If you are in Taipei this week for the 2025 Taiwan International Coffee Show, held at Taipei Nangang Exhibition Center Hall 1, you’ll already be stepping into a city wired for coffee. Between exhibitions and networking, you’ll want places to retreat to. These five cafes are where we recommend you go.

If you want to use your time outside the show wisely, make space for some serious cafe visits. These five are arguably the most respected. They each offer something distinct, and each is near enough to your event base to make a short visit possible.

Simple Kaffa: a quiet room above the city

20 minute drive from the Nangang Exhibition Centre

Simple Kaffa‘s founder, Berg Wu, became the first Taiwanese barista to win the World Barista Championship in 2016. And the shop reflects the mindset of a world champion. The room is calm. The workflow is precise. The menu feels curated rather than broad.

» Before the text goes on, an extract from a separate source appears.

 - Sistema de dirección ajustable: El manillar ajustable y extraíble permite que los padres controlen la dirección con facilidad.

What makes Simple Kaffa stand out is its ability to balance accessibility with excellence. You do not need technical knowledge to appreciate a cup here yet you can taste the care behind it. They occasionally serve extremely rare lots and once offered a cup valued at $635, a small detail that sparked global attention for what a single coffee experience could represent.

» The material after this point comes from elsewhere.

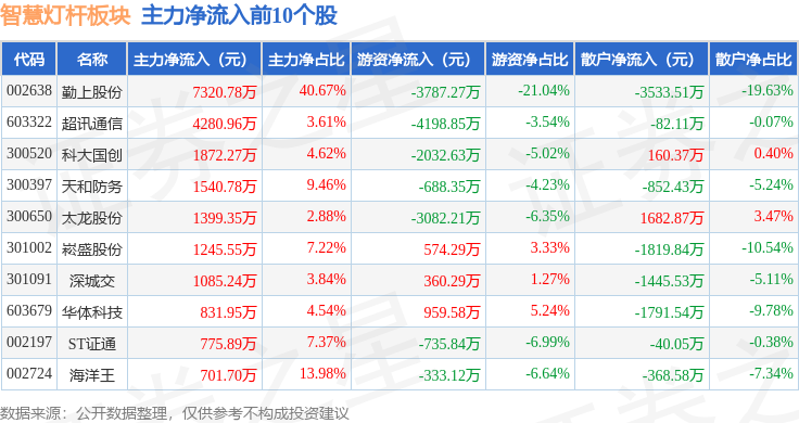 从资金流向上来看,当日智慧灯杆板块主力资金净流出9053.26万元,游资资金净流出1.34亿元,散户资金净流入2.25亿元。智慧灯杆板块个股资金流向见下表:

Fika Fika Cafe: light, clarity and quiet focus

15 minute drive from the Nangang Exhibition Centre

Fika Fika has become an anchor in Taipei’s specialty scene because it represents a very different interpretation of quality. Everything here feels built around light, space and calm. Instead of leaning into the intensity found in many specialty cafés, Fika Fika leans into comfort and clarity.

The brews are often described as clean and bright with flavours that stay honest to the beans. They avoid heaviness. They avoid noise. They let acidity feel natural rather than sharp. This approach has earned them praise not only from visitors but from local baristas who appreciate how difficult it is to execute clean flavour profiles consistently.

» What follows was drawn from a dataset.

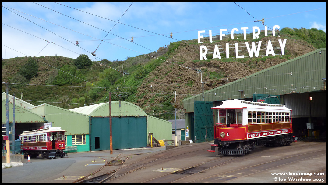 The Manx Electric Railway first opened to passengers from Douglas to Groudle in September 1893 and on the 13th of July 2014, the two surviving original power cars were posing outside the Derby Castle Depot. Both are still in passenger service.

VWI by Chadwang: technique that speaks for itself

18 minute drive from the Nangang Exhibition Centre

VWI matters because it is one of the clearest expressions of technique in Taipei. Founded by Chad Wang, a World Brewers Cup Champion, the shop demonstrates a level of consistency that is difficult to maintain in a public setting.

Rufous Coffee: a steady presence people trust

17 minute drive from the Nangang Exhibition Centre

Rufous Coffee stands out because it is one of the most respected independent cafés in Taipei. It does not rely on trends or spectacle. It relies on the simple idea that a good cup served consistently can build a loyal community.

The shop has been around long enough to feel like part of the city’s structure. People speak about it with warmth. It has earned trust.

All Day Roasting Company: A modern space with real energy

12 minute drive from the Nangang Exhibition Centre

All Day Roasting Company earns its praise because it understands how to combine specialty coffee with a sense of space and movement. It is one of the larger cafés on this list yet it does not lose the feeling of craft.

The shop roasts its own beans and offers a menu with enough range to satisfy both serious coffee drinkers and people discovering specialty for the first time.

Before you leave the city

Each of these shops reveals a different part of the city’s relationship with coffee. Simple Kaffa shows how far skill can go when it is shaped by discipline. Fika Fika shows how clarity can be a style of its own. VWI shows how technique can feel calm rather than stiff. Rufous shows how loyalty grows when a café never tries to impress you, only to serve you well. All Day shows how a big room can still protect the craft at the center of it.

By the time you leave you may realise that Taipei is not trying to prove anything to the world. It is simply doing the work. The city drinks coffee with confidence. It has earned that confidence through years of practice, detail and care.

The show will teach you what is new. These cafés will teach you what lasts.